What is the difference between BPE, WordPiece, and SentencePiece?

BPE merges the most frequently occurring adjacent pair and is used by GPT-4, Claude, and Llama 3. WordPiece merges pairs that maximize training data likelihood and is used by BERT and sentence-transformers. SentencePiece treats raw input including spaces as characters, making it language-agnostic and the tokenizer of choice for multilingual models like T5, Gemma, and Llama 2.

Why do non-English languages cost more tokens than English?

English is the most heavily represented language in LLM training data, so the tokenizer vocabulary is optimized for English — common English words become single tokens. For other languages, the same meaning requires significantly more tokens: Japanese may use 2-3x more, Arabic 3-4x, and Thai 4-6x. This directly inflates API costs and context window consumption for multilingual applications.

How does code tokenization differ from natural language?

Code is significantly more token-dense than English prose. Whitespace like tabs and indentation is tokenized separately, and symbols such as curly braces, arrows, and double colons may each be individual tokens. Variable names that are not common English words split into many subword tokens. A 100-line Python function typically produces 400-800 tokens.

What are special tokens and how do they affect context windows?

Special tokens are invisible tokens added by the tokenizer that count toward the context window but are not part of the visible text. These include system prompt delimiters, chat turn separators, beginning-of-sequence and end-of-sequence markers, and tool call tokens. For a conversation with a 200-token system prompt and 3 turns, the actual count may be 240-280 tokens after special tokens are added.

How does prompt caching relate to tokenization?

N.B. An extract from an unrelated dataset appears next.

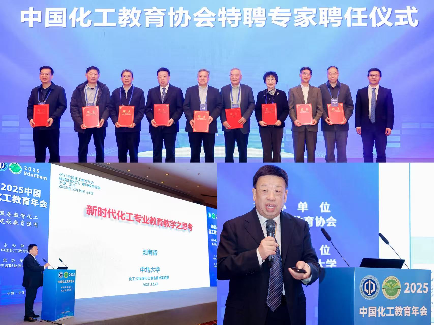 2025年12月19日至21日,2025中国化工教育年会在浙江宁波举行,会议由中国化工教育协会主办,刘有智教授带队参加了此次年会。会上,鉴黄师 刘有智教授受聘中国化工教育协会特聘专家,并受邀在年会开幕式上做了“数智化工与教育强国”主题报告——“新时代化工专业教育教学之思考”,刘老师精准剖析了化工专业教育与新时代教师发展趋势,体现了对教育事业的高度责任感,展现了深厚的专业积淀,为化工类高校提升教育教学质量提供了宝贵的思路。
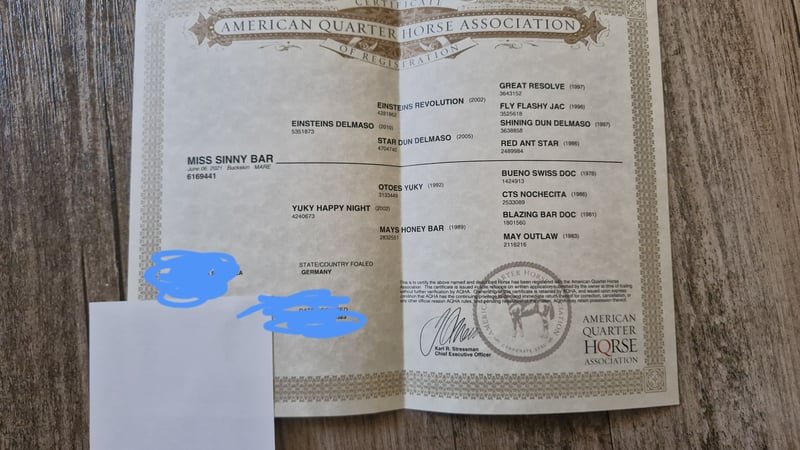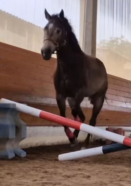 If interested, please call! Messages will not be answered! With a heavy heart, I have decided to part with my little Quarter Horse mare Missy! I simply do not have the time to give my two young horses the attention they need and to fully exercise them. Missy is a 4-year-old granddaughter of Einstein Revolution, currently about 1.49m, a slim, sporty, and elegant type - not a weight carrier and a truly great mover! She has been with me for 2 years and has been trained according to the Pro Ride concept. She shows herself to be very willing and talented in free work (lying down and retrieving her little Kracke is her easiest and favorite exercise) and always wants to please! However, she is absolutely not a beginner's horse - she is very dominant and has a strong opinion of her own! She is people-oriented and seeks closeness but also tests her boundaries anew all the time! Currently, she is in a large mixed herd and has access to hay and pasture 365 days a year! About 1.5 years ago, she had a trailer accident in which she injured her back. This injury has been completely healed and does not hinder her at all! She is fully rideable. Loading in the trailer is also not a problem, and I have been out and about with her a lot since then and have participated in various courses! This is not an urgent sale! We are located in Hitzhofen near Ingolstadt. I only want to place her in experienced hands and with someone who has a lot of time. An open stable would be desirable - she knows nothing else. For more information, feel free to call me. On my Instagram account feelyourhorse.manship, you will find many videos and impressions of her. Mobile 0176 322 144 05 Best regards!

Prompt caching from providers like Anthropic and OpenAI reduces cost for repeated prefixes at roughly 10% of the normal input price. Caching operates at token boundaries, requiring an exact token-level match for the prefix. Understanding tokenization helps you structure prompts to maximize cache hits by placing the stable, repeated portion at the beginning and the variable user query at the end.

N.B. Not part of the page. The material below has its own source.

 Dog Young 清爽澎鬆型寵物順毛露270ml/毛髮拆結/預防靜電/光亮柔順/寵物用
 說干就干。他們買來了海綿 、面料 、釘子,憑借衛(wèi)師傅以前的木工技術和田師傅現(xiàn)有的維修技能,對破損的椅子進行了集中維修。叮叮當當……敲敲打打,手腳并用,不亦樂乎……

How can I optimize system prompts to reduce token costs?

System prompts accumulate over time and can grow from 150 to 900 tokens as teams add edge case handling and format instructions. Audit system prompts regularly, use bullet points instead of paragraphs, remove redundant instructions, and reduce verbose examples. A 30% system prompt reduction on 1 million daily requests saves 270 million tokens per day. See LLM Cost Optimization for more strategies.